El viernes 22 de julio será una fecha inolvidable para Noruega, se convertirá en un triste recuerdo, en una herida que no sanará jamás del todo, será la fecha donde recuerden el doble atentado ocurrido en Oslo, donde al menos unos 92 habitantes fallecieron.
Dicho atentado ocurrió al promediar las 15:30, el presunto actor es Anders Behring Breivik (el que se muestra en la foto), un noruego de 32 años, con una ideologías ultraderechista, fundamentalista cristiana e islamofóbica. Él se autodefine como nacionalista en varios foros de internet y habría sido detenido en 2001 por posesión de armas y explosivos. En su perfil de Facebook dice ser director de su propia empresa,dedicada al cultivo de vegetales (lo cual le podría dar acceso a grandes cantidades de determinados abonos que pueden emplearse para la fabricación de explosivos).
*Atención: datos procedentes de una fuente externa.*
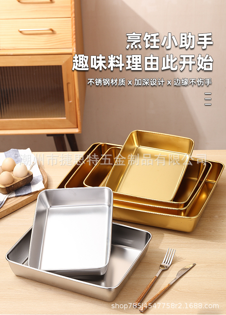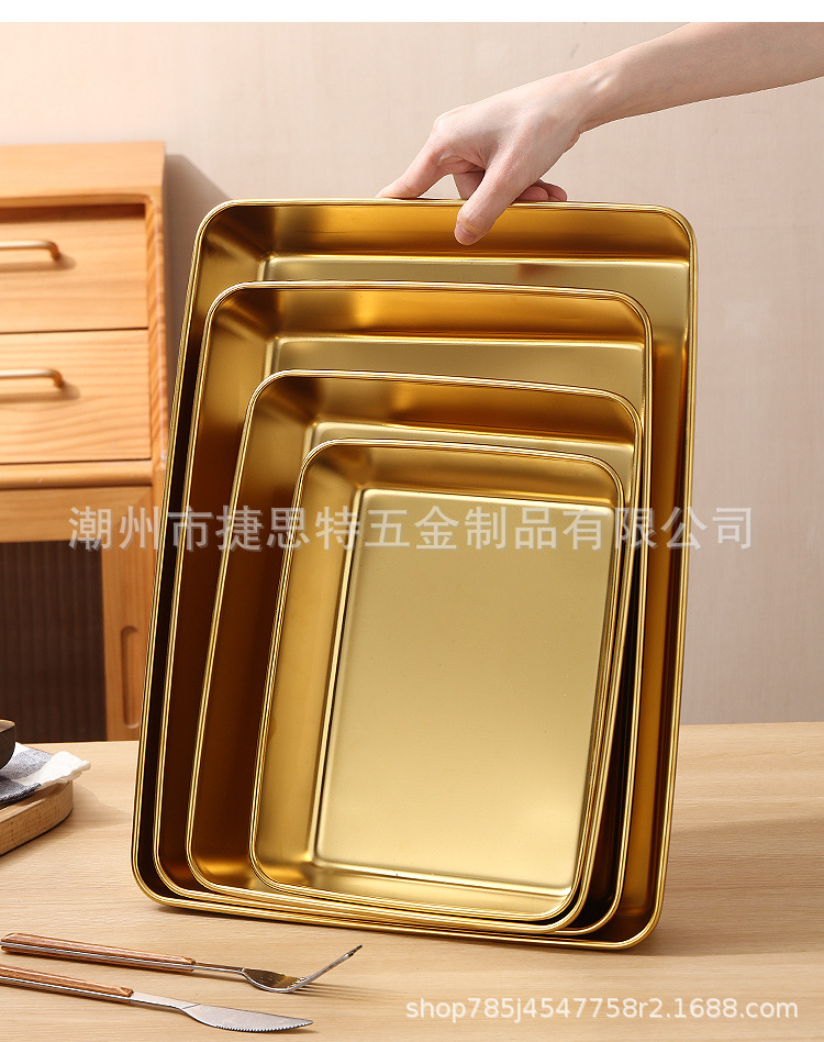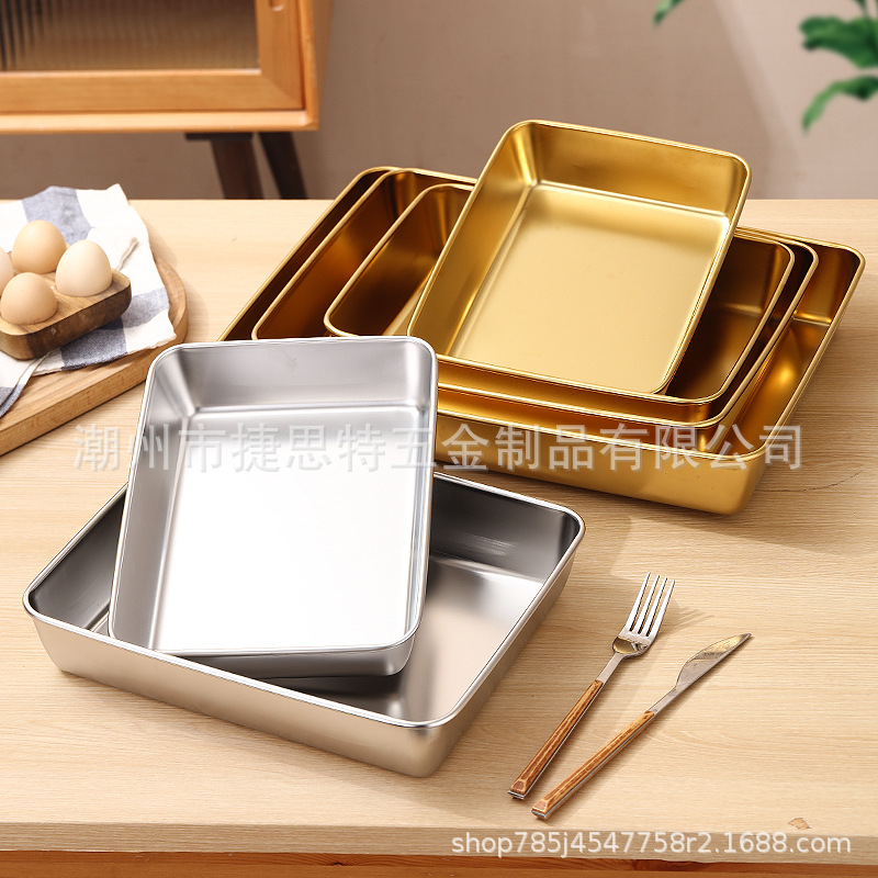 한국식 스테인리스 골드 사각 접시 평평한 바닥 트레이 바베큐 접시 간식 노점구이 음식 접시 준비용 디스플레이 접시

Breivik se habría disfrazado como un policía y armado con dos armas semiautomáicas, y se habría dirigido a la isla de Utøya, a 40 kilómetros de la capital noruega — “Nos dijo a gritos que todos moriríamos, se le veía muy seguro, tranquilo y bajo control, sabía lo que estaba haciendo” — relató Adrian Pracon, uno de los testigos del atentado. “La gente caía muerta delante mío. Corrí por el campamento hacia el área de las tiendas de campaña. Vi al hombre armado. Dos personas empezaron a hablarle y dos segundos después estaban muertas. Él llevaba un uniforme negro con bordes rojos. Parecía nazi, con el uniforme que parecía de policía”, relató Pracon.
El ataque en la isla se produjo dos horas después del de la capital, donde se detonó explosivos que causaron grandes destrozos en los edificios cercanos. Momentos difíciles vivirán los Noruegos , el miedo está en el aire , pero lo último que pueden hacer es dejar que el o los responsables se apoderen de sus vidas, de lo contrario el terrorismo habrá vencido.